Wednesday, April 9, 2008

My happy

It's slightly inexplicable, but I think I got my happy back.

At least I'm on my way there. I have been very unhappy (unlike any unhappy I've known before). I wasn't depressed, but sincerely grouchy, dissatisfied, hard and unhappy. This since just after Christmas. That's when I was told that I'd have to postpone my nursing rotation another semester. It's was like one incredible punch to the stomach, and my heart said no more, we won't be putting anymore happy on the shelf. All sold out here, try next door!
I knew I wasn't happy, but in all honesty I couldn't find my way out. So I just turned into a craven bitch. It didn't help that I was trying rather successfully to rid myself of my addictions. Unhappy, no helps = bad situation! So my exercise turned more regular and that kept me from punching unsuspecting new yorkers in the face. But my poor family, how they bore the brunt.
Then one day I realized I didn't like the world I had created. I hated the person that I was being. Something had to change! And right then the little happy makers stopped picketing and went back to work. It's been a slow process.
I'm not up to max. happy output yet, but I'm smiling more. People are actually talking to me since I lost my ever present scowl. I'm laughing more.
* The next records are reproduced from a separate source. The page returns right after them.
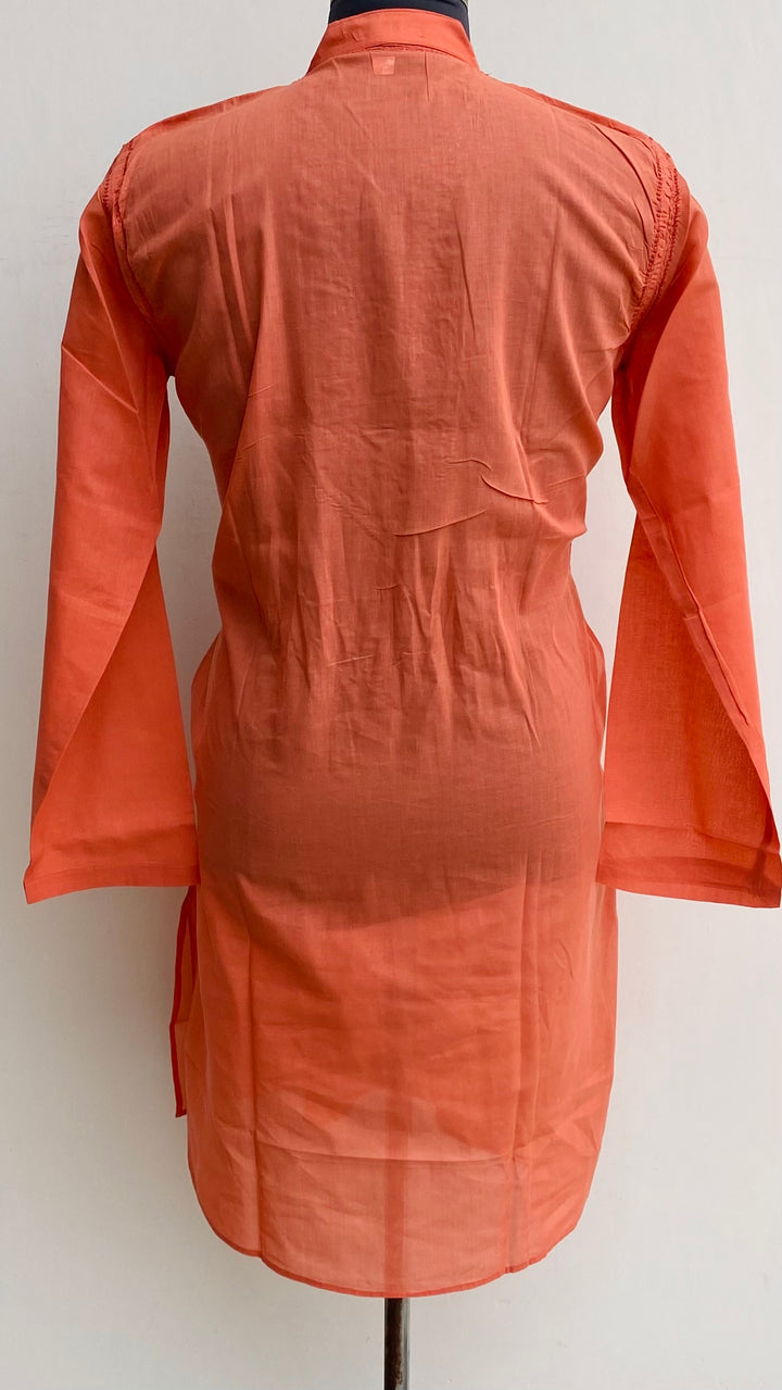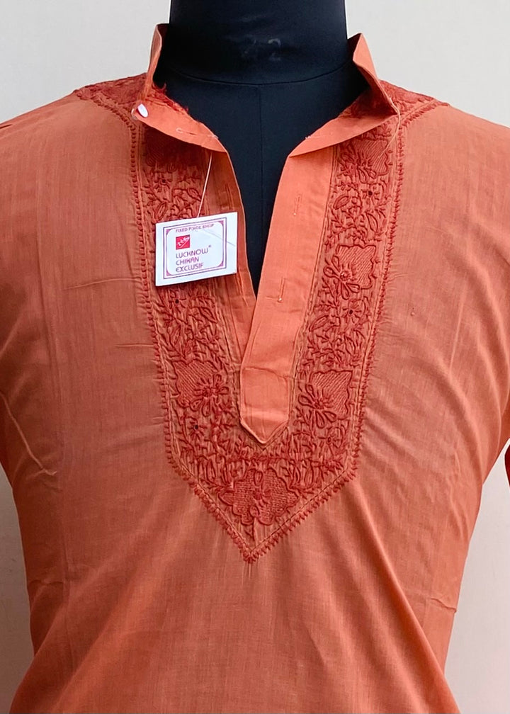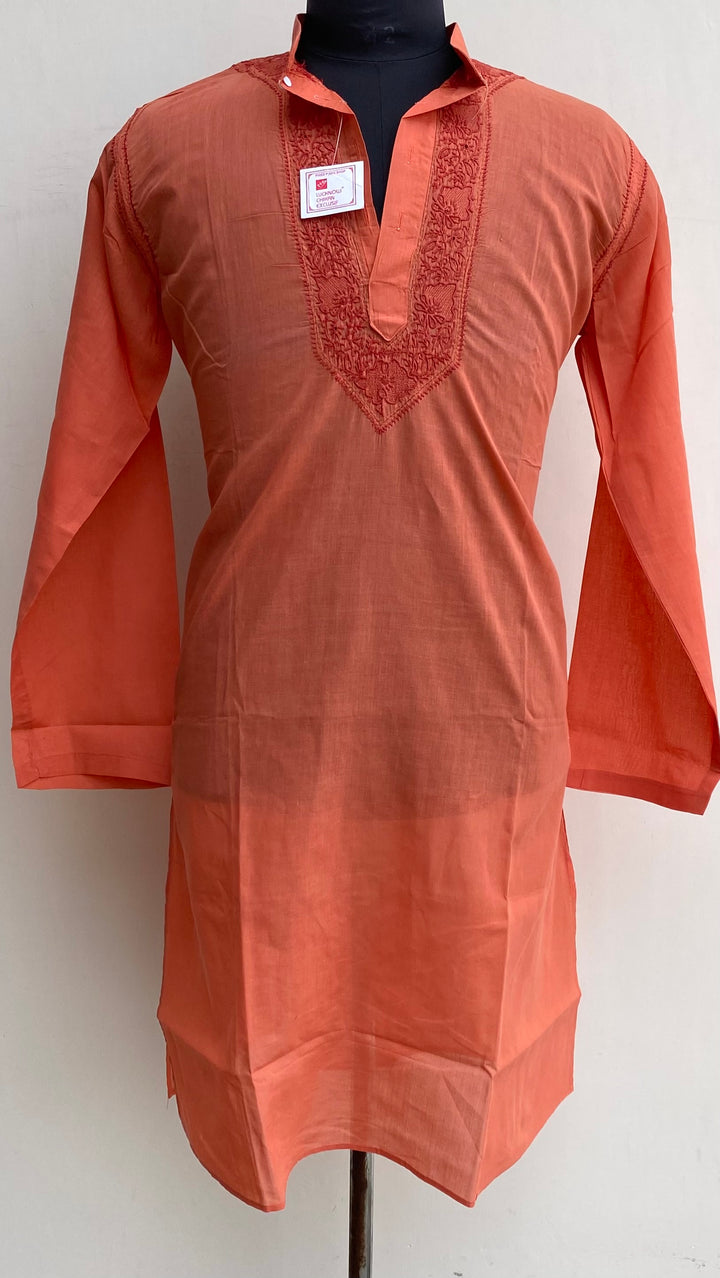 Lucknowi Chikankari Men’s Kurta Rust Cotton With Jaali Work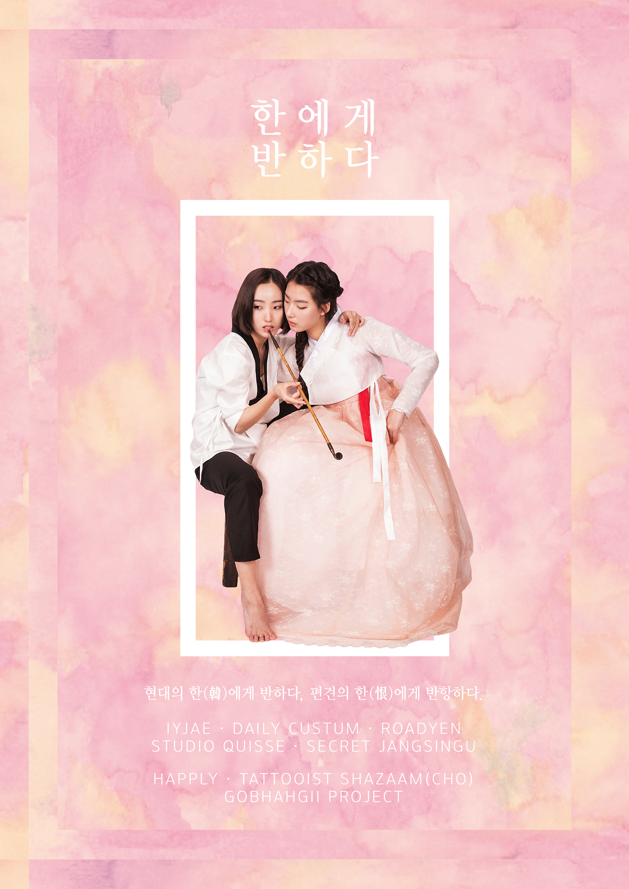 한복과 타투. 그리고 성소수자. 이 키워드를 활용하여, 이들이 존중을 해줄 요구나 존중을 받을 자격을 찾는 것이 아닌, 말 그대로의 진심어린 이야기를 청춘들에게 제시하기 위해서. 편견 속에서 상처받고 있는 이들의 이야기를 조금이라도 듣기를 바라는 마음을 담아, 이 요소들을 활용할 패션화보를 찍어 청춘들에게 제시하려 한다. 화보 안의 두 여인과 입은 옷들, 화보 속에 있는 그림과 색깔, 메세지를 보고 조금은 편견을 가진 이들이 행동을 되돌이켜 볼 수 있기를.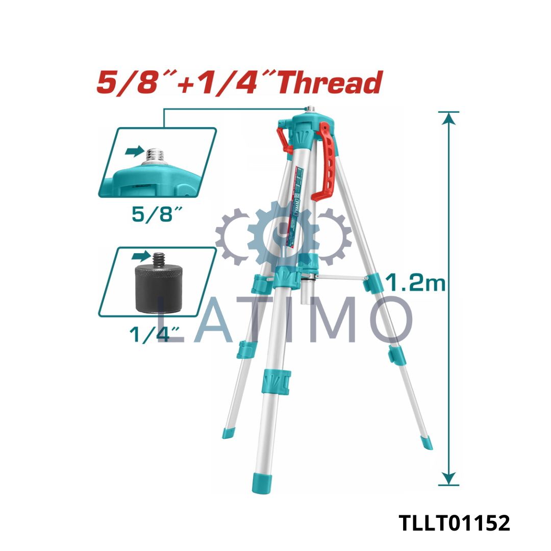 Le trépied pour niveau laser TLLT01152 est un support en aluminium léger de 1,2 mètre, adapté aux niveaux laser TOTAL tels que TLL156508, TLL306505 et TLL305205. Avec ses filetages 5/8″ et 1/4″, il offre une compatibilité universelle. Stable et pratique, il est idéal pour les travaux de précision. En Tunisie, il est apprécié pour son rapport qualité/prix.

My parents are considerably less tense and more loving, because hellooo, I'm less tense and more loving. So I'm on my way to happy, and that's a lot better than where I've been.

Hell-o happy, where've
you been all my life!!

Sunday, April 6, 2008

I miss church...

I miss church. Or more specifically church in the south. I have been attending Redeemer Presbyterian here in NY. The preacher is excellent. His depth and intellect always challenge me to learn and grow. That is definitely what I look for in a minister. He knows how to set up a sermon in a way that I can follow, he rarely chases rabbits nor does he misuse texts to suit his own agenda. He's a peach!
Anyhoo, that's not what I mean by church. I miss the feeling of community. My friend Krystal and I were talking about this the other day. They are moving to Tyler and visited Green Acres church there. She said that she felt like an audience member. It's not that she didn't actively take part in the service but she still felt like she was just one of many, not a part of something. It's hard to explain. But summarily it's missing the sense that you are connected to the people around you.
I miss seeing familiar faces. I miss knowing the person sitting next to you, or at least a person sitting in the next row. I miss hugs and updates. I miss the little children I taught Sunday School. I miss the community. Here I love the church I attend but I am not part of it. Maybe that's how it feels to live in NY. You are here, but everybody else is too, so who cares?